Dalke Scientific Software: More science. Less time. Products

ElementTree and SBML

I'll start this by going to my "Useful and New Modules" talk [key.tgz| PPT| PDF], which has a section on using ElementTree to parse XML files. ElementTree is a pythonic XML parser. The word "pythonic" is like the word "beautiful". It's hard to quantify and is mostly a matter of personal esthetics. The general idea is pythonic APIs should feel like other pythonic APIs; experience should help guide you in how to use the API. Like art, it's hard to train. There are several pythonic XML parsers besides ElementTree. ET was the most widely used of these and is now part of Python 2.5.
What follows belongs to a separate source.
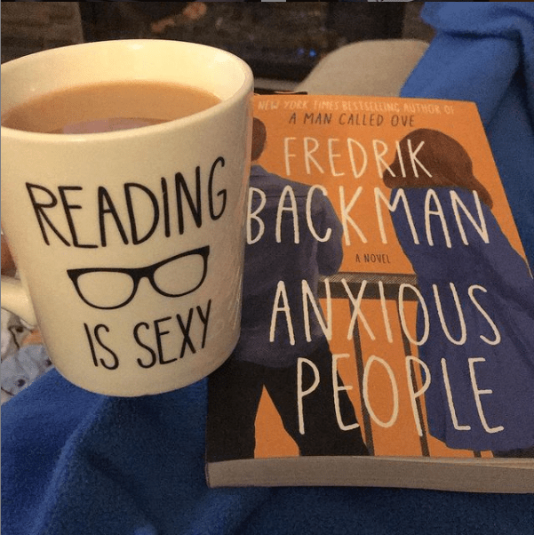 [ID: A mug of tea in a ‘Reading is Sexy’ mug with a blue blanket across the reader’s lap and the cover of Fredrik Backman’s novel Anxious People.]

I talked about ElementTree a few months ago and last year so I'll not go into details here. Instead I'll show how to use ElementTree to parse an SBML file I got from Brett.

I'll start by parsing the file into an ElementTree object. The tree has a method called "getroot()" which returns the root node of the document.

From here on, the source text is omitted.